Andorra vs Wales: The start of another false dawn?
Here we go again. Another qualifying campaign full of hope is upon us, and one that supporters dream will end with a passage through to a major tournament at the end of it.
The extension from 16 to 24 teams for the European Championships in 2016 means that never before has there been so much expectation. The false dawns, Wales followers believe, are about to come to an end.
In truth, the qualification draw made earlier this year only heightened the optimistic outlook. Belgium were the toughest of the sides Wales could have faced from Pot 2, yet on the flipside, Bosnia-Herzegovina were by far and away the best pick among the top seeds.
If Wales are to do it the easy way, they must trump Bosnia to second spot – assuming Belgium push on from their decent World Cup showing and win the group, that is. It means a crunch home game early on in the campaign which could bring in Wales’s highest international attendance for some time at the Cardiff City Stadium.
But it all begins in Andorra on Tuesday night, before key matches against fellow lesser nations Israel and Cyprus. Wales will never be in a position to write off opposition, yet anything less than a comfortable victory next week in the Pyrenees principality of Andorra will spell disaster.
Ranked just inside the top 200 in FIFA’s latest rankings, the small nation have just three wins to their name, with just one of those coming in a competitive game. It’s a first ever meeting against the landlocked microstate for Wales, while Bale and Co. even have the honour of playing the opening fixture in Andorra’s new 3,000+ capacity stadium which has just about been completed in time (you may have heard about it in the news this week?…)

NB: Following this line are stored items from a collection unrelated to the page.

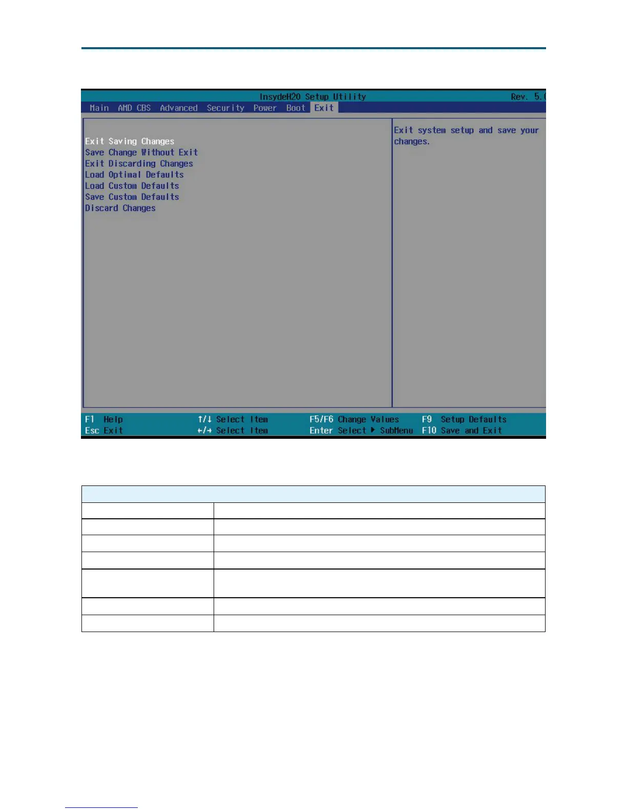 Exit Saving Changes Exit system setup and save your changes.
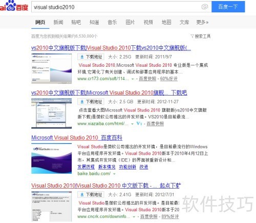 1、 在百度搜索栏输入visual studio2010进行查找。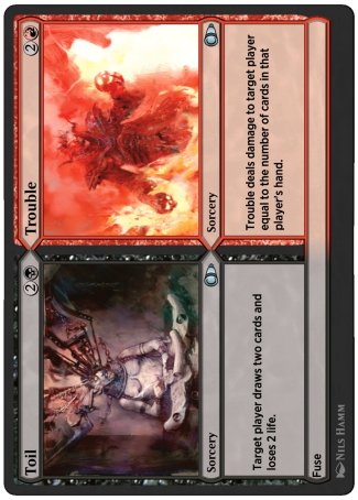 Trouble deals damage to target player equal to the number of cards in that player's hand.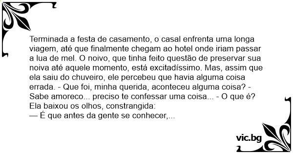 Terminada a festa de casamento, o casal enfrenta uma longa viagem, até que finalmente chegam ao hotel onde iriam passar a lua de mel. O noivo, que tinha feito questão de preservar sua noiva até aquele momento, está excitadíssimo. Mas, assim que ela saiu do chuveiro, ele percebeu que havia alguma coisa errada. - Que foi, minha querida, aconteceu alguma coisa? - Sabe amoreco... preciso te confessar uma coisa... - O que é? Ela baixou os olhos, constrangida:

There is no question that getting off to a flyer is vital. Two years ago, a brave but ultimately futile performance against Belgium ensured that the Red Dragons were off to a damp start. Not to worry, up next was Serbia, a tough-looking opponent, but another positive display would nonetheless give supporters hope to cling onto heading into the easier looking games.
A 6-1 thrashing followed, and those of us in the derelict crumbling away end in Novi Sad could only smile as another qualification campaign had essentially come and gone within the space of 180 minutes. It wasn’t all bad, of course, as the double over Scotland soon after highlighted. It was the defeat against Macedonia in September of last year, combined with the three goal follow-up reverse against Serbia, which left many calling for manager Chris Coleman’s head.
Some – myself included, it must be said – called for a complete revamp of Welsh football from top to bottom. Not just on the field, but off it too. San Marino’s victory against Geraint William’s Under-21 side – their first win at any level in over a decade – proved that a hiatus from a major tournament, now stretching back to 1958, was not even close to coming to an end.
So what makes this campaign so different? That was just 12 short months ago, after all. Maybe it’s part of being a Welsh supporter – built in the psyche that you simply must have high expectations, even though you know they will come crashing back down with a bang.
And yet. A squad which possesses Gareth Bale and Aaron Ramsey alone should be enough – at least it is for the likes of Sweden, Bosnia and other nations on the edge of being elite forces. There has been some strengthening done over the few months since the final qualifying game, however, with James Chester brought in. He is by no means a heavyweight player, but someone who should fit in nicely alongside captain Ashley Williams.
The full-back berths speak for themselves, with left-back in particular providing competition for three players who could more than hold their own – Neil Taylor, Declan John and Ben Davies. The latter is likely to get the nod despite his lack of match action since moving to Tottenham Hotspur this summer, while Adam Matthews is expected to be selected on the other side.
In midfield, too, Coleman has plenty of options, with a raft of Premier League regulars to choose from. Up front, options are visibly scarce, and an international team pinning their hopes on glory should not really be counting on Simon Church to lead the line. Sam Vokes’ return in the early months of next year will be a big plus.
Emyr Huws, who surprisingly joined Wigan Athletic on a permanent deal earlier this week, will look to make one of the central-midfield spots his own before qualification comes to an end, while Joe’s Allen and Ledley can provide a great pivot to allow Wales to build attacks.
As Allen himself said, though, talks of this being a ‘Golden Generation’ must be quickly stamped out. Having some fantastic individual players is one thing, constructing a solid system is another matter entirely.
This is by no means Wales’ last chance to reach a major tournament, as some suggest, with the expanded Euro’s set to continue for the time being. But will Bale and Ramsey – unquestionably the key men to any hopes – be in quite the same form as they are right now in four years’ time?
The good news is that right now the squad looks to be united – just look at the lack of pullouts to date – while there is also harmony from the supporters in regards to Coleman’s leadership, although a slow start to the campaign will surely see all that change.